Uma Latinha
Era um dia comum, uma manhã ensolarada, lá estava eu no centro da cidade, tinha saído bem cedo de casa para resolver umas pendências bancárias. Naquela manhã os motoristas seguiam impacientes, as pessoas passavam com toda a aspereza e arrogância, os moradores de rua se arrastavam-se aos cantos da cidade, um dia típico urbano.
Em meio a monotonia avistei uma criança, mas não era uma criança qualquer, um menino que aparentava ter quatro a cinco anos de idade, moreno, vestia-se de roupas simples, surradas e desbotadas, ao seu lado estava sua mãe com uma mochila preta, bem velha nas costas, cabelos pretos longos amarrados para trás, vestia-se de roupas simples também. Eles andavam de mãos dadas, ela com um olhar preocupado, sofrido, como o de quem não dormia bem a algum tempo, infelizmente nunca sabei tal motivo daquele olhar cabisbaixo. Ao contrário o menino apresentava um olhar inocente com brilho nos olhos, ao andar esbanjava confiança, sentia-se seguro. Surpreendentemente ele se abaixou com calma e com aquelas suas mãozinhas meigas e agraciadas pegou uma simples latinha vazia de cerveja que estava em sua frente, em seu pensamento ele sabia que sua mãe tinha o costume de pega-las, ela juntava as latinhas que encontrava para vender em um ferro-velho. Ele estendeu a latinha em direção a sua mãe, ela sorriu carinhosamente, uma energia carismática, divina de ser registrada, acredito que pouco observável. Ela jogou a latinha no chão amassou com os pés e colocou-a na bolsa com cautela. Os dois seguiram caminhado em passos vagarosos, a criança demostrava-se satisfeita por ter ajudado sua mãe, e a mãe orgulhosa de seu filho por ajudá-la.

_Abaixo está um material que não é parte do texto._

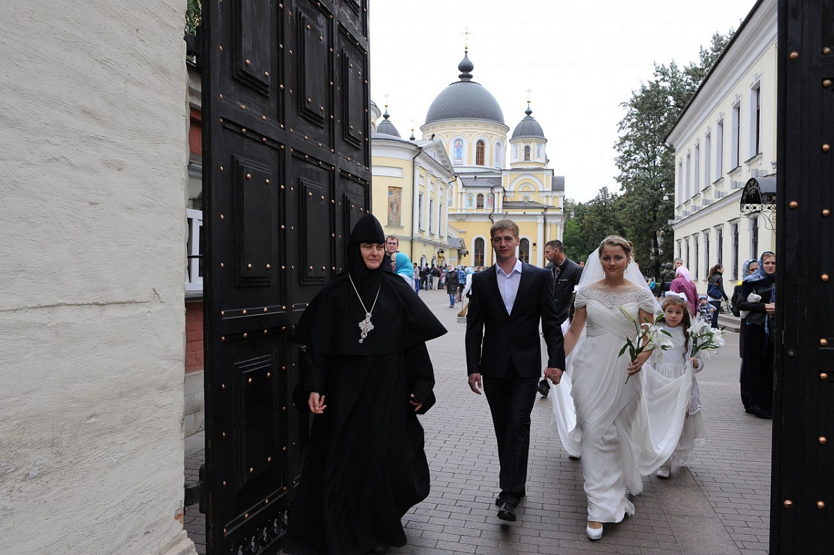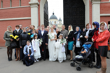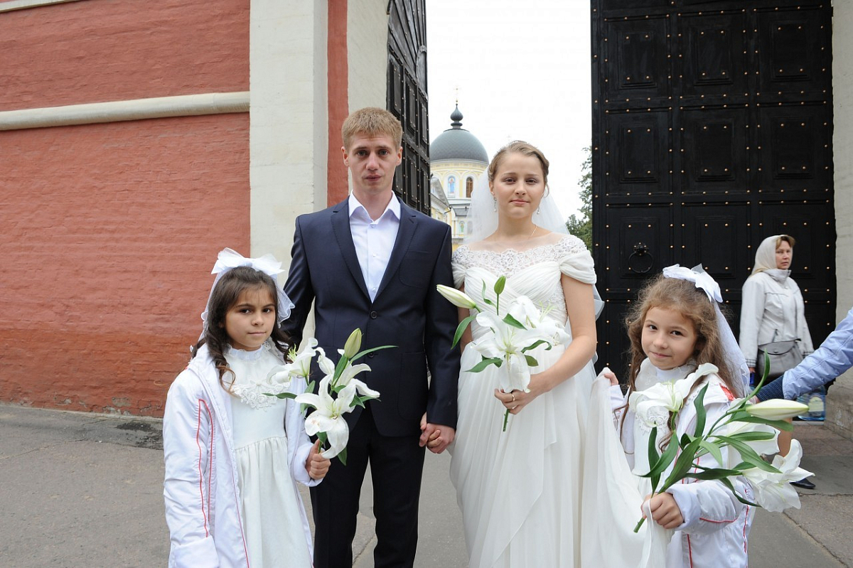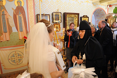По окончании торжества настоятельница Покровского ставропигиального женского монастыря Москвы игумения Феофания, воспитанницы приюта и прихожане храма поздравили новобрачных со знаменательным событием и вручили им цветы и подарки.
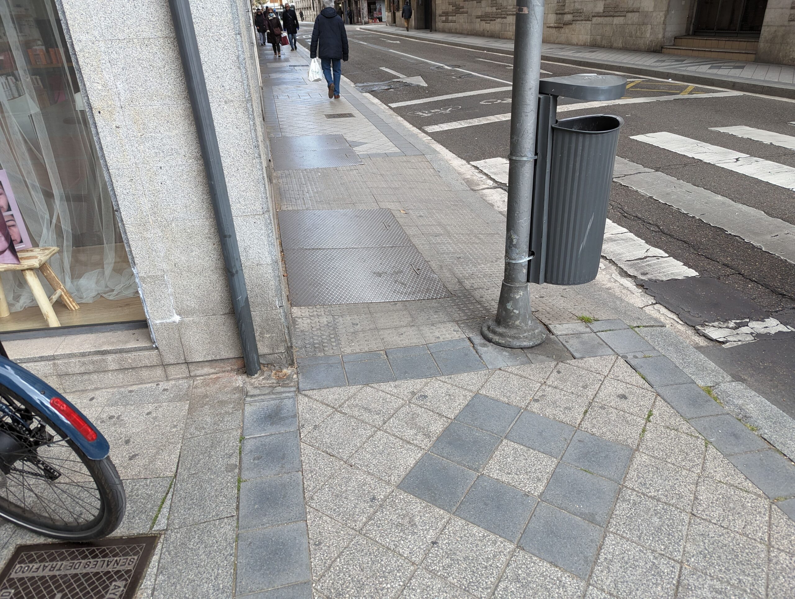 En Valladolid, muchas líneas de fachada están obstruidas por objetos extraños. Además, nuevos encaminamientos podotáctiles se implantan de forma incorrecta (ver imagen) y algunos encaminamientos antiguos se eliminan para dar más espacio a terrazas (reciente caso frente al edificio Lucense en el Paseo de Zorrilla).
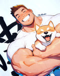 Adorable hunk with his pet Shiba Inu wrapped up in his arms. Japanese style text beside him. The text is inspired by Japanese calligraphy but has no meaning.
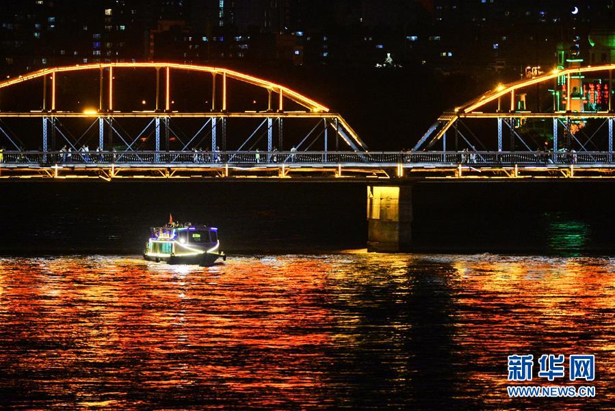 6月14日,一艘游輪從黃河蘭州段中山橋下穿過。自6月12日起,蘭州黃河游輪夏季夜航航線正式開通。據(jù)了解,作為黃河蘭州段水上旅游重點線路,該航線由蘭州市城關(guān)區(qū)蘭州港碼頭和白塔山碼頭始發(fā),每晚20時起開行,全程約6公里,運行時長50分鐘左右。游客可以乘坐豪華游輪欣賞黃河夜景,感受蘭州黃河風(fēng)情線別樣魅力。新華社記者 陳斌 攝
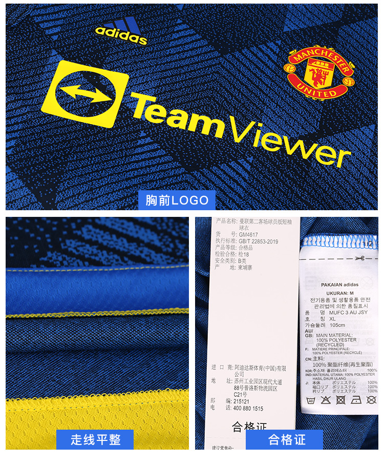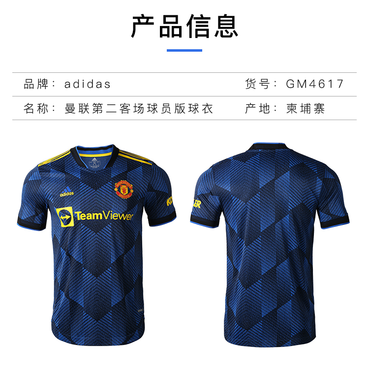 ADIDAS/阿迪达斯 21-22赛季曼联二客球员版球衣短袖男GM4617
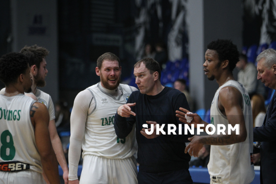 Головний тренер БК "Київ-Баскет" Дмитро Забірченко (праворуч) та гравець команди Богдан Маліч спілкуються в межах чемпіонату України з баскетболу серед команд Суперліги проти БК "Запоріжжя", що завершився поразкою господарів з рахунком 74:84, на майданчику КСК "Шинник", Дніпро, 28 березня 2026 року.
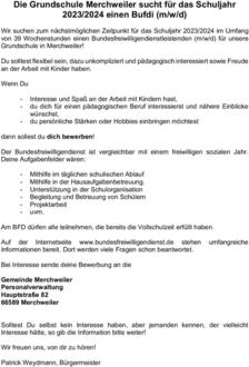 Wir suchen zum nächstmöglichen Zeitpunkt für das Schuljahr 2023/2024 im Umfang von 39 Wochenstunden einen Bundesfreiwilligendienstleistenden (m/w/d) für unsere Grundschule in Merchweiler!
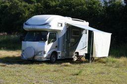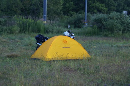 夜には車中泊のテントが
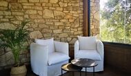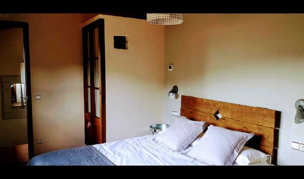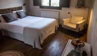 -          Rojals : Une chambre avec 1 lit double et une salle de bain attenante, offrant une superbe vue sur le jardin et un coin lecture avec un canapé chaise et possibilité d'un lit supplémentaire (35 EUR). Les dimensions du lit sont 180x190cm.

Naquele momento foi perceptível, a felicidade não se materializa em preposições da sociedade, como por exemplo, a virtude financeira. O ímpeto da vida é ligeiro, assim como uma latinha pode ser fator coesivo de satisfação, felicidade, e carisma, existem tantos outros acontecimentos maravilhosos podem gerar impactos semelhantes. A satisfação deveria estar sempre no presente, mas parece que nunca percebemos que o ápice da existência está acontecendo agora, pois o tempo de vida se reduz a cada badalada do relógio. O quanto vale um dia de existência bem aproveitado? É fácil responder, compare com os dias de existência desperdiçados.
A cena aconteceu de forma poética, mas quantos momentos poéticos se dissipam por falta de percepção. Os momentos mais prazerosos são encontros de percepções e emoções expressivas. É preciso muita vivacidade para ter tal lucidez. Mas os impactos positivos que recebemos são tão brilhantes, específicos, inusitados, é infelizmente não podemos fazer com que eles se repitam com o mesmo teor de encanto, ainda mais se nem percebemos a existência deles, é uma “pena” que muitas cenas poéticas se percam no tempo.
Mas não se preocupe, no fim a gente se perde no tempo, é percebemos que a poesia da vida que não demos valor, se foi, de maneira que ainda deixou a desejar.